O álbum triplo, que contou com belíssimo trabalho de pesquisa, ajuda a preservar a herança de um compositor genial, que pode não ter chegado aos rincões mais distantes deste País continental, como fez Villa-Lobos, mas retratou tantos Brasis com seus choros, baiões, maxixes e valsas brilhantes.

O que eles dizem

HENRIQUE CAZES

"Waldir mostrou muitas potencialidades que só foram desenvolvidas mais tarde. Ele soube explorar a sonoridade e os efeitos do instrumento sem nunca parecer técnico."

LUCIANA RABELLO

"Ele foi muito importante, mais para o instrumento. Existe uma polêmica em torno do Waldir, mas não dá pra negar sua importância. Não era estudioso, mas era musical e popular."

MILTON MORI

"Ele foi gênio nas músicas ligeiras e nas lentas, com sua sonoridade inigualável. Gravou outros estilos que na época muitos chorões repudiavam."

ALESSANDRO VALENTE

"Waldir levou a música pra além das fronteiras e trouxe estilos que não eram de origem brasileira para o seu repertório."

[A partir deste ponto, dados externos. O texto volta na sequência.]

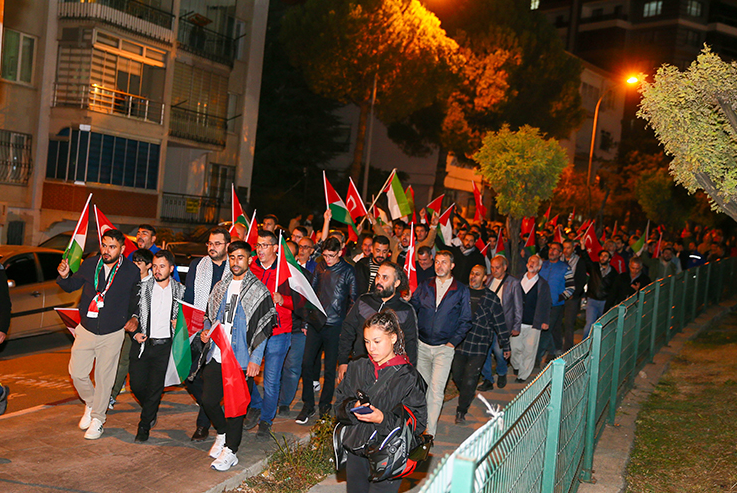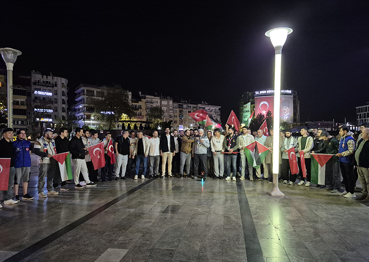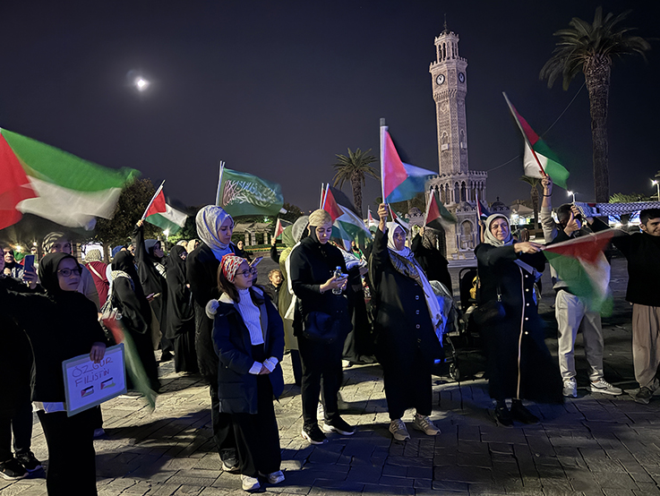 İzmir'de Konak Meydanı'ndan toplanan çok sayıda kişi, İsrail aleyhine slogan attı. Ellerindeki Türk ve Filistin bayrakları ile çeşitli pankartlar taşıyan vatandaşlar, tekbir getirdi.
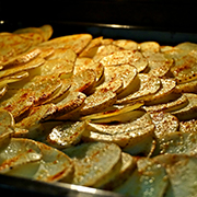 Spread out into a single layer in a large baking tray, then bake for 35 to 40 minutes, or until golden and cooked through

DO SUBÚRBIO DO RIO PARA O MUNDO

Brasileirinho

Atendendo ao pedido de um sobrinho pentelho, Waldir compôs o choro ligeiro, primeiro de sua carreira, em 1949, de improviso e em um cavaquinho com apenas uma corda. Maior sucesso de sua carreira, a música pela qual o cavaquinista é conhecido até hoje foi registrada em seu primeiro disco 78 rpm pela Continental, gravadora com a qual seguiria até morrer, em setembro de 1980.

Delicado

O baião, gravado em 1950, foi o grande sucesso de Waldir no exterior. Além de batizar balas e cores de esmalte por aqui e barras de chocolate na França, foi causador do maior espanto do compositor no exterior: em viagem ao Oriente Médio, em pleno deserto, o tema tocava em uma caixinha de música artesanal.

Pedacinhos do Céu

Choro dolente lançado em 1951, composto em homenagem a suas duas filhas. A caçula Marly e Miriam, morta anos depois em um acidente de carro, aos 19 anos. Também foram homenageadas em Nós Três e Uma Saudade.

Carioquinha

Também de 1949, o tema foi gravado no lado B do primeiro 78 rpm de Waldir. Na época, o compositor acreditava que este choro faria mais sucesso do que Brasileirinho.

Vê Se Gostas

No lado oposto de Delicado, era a grande aposta de Waldir. O baião estourou, provando que o músico era péssimo em previsões.

Pisa Mansinho

Na gravação original, destaque para o trombone do grande Norato, da Orquestra Tabajara, do maestro Severino Araújo.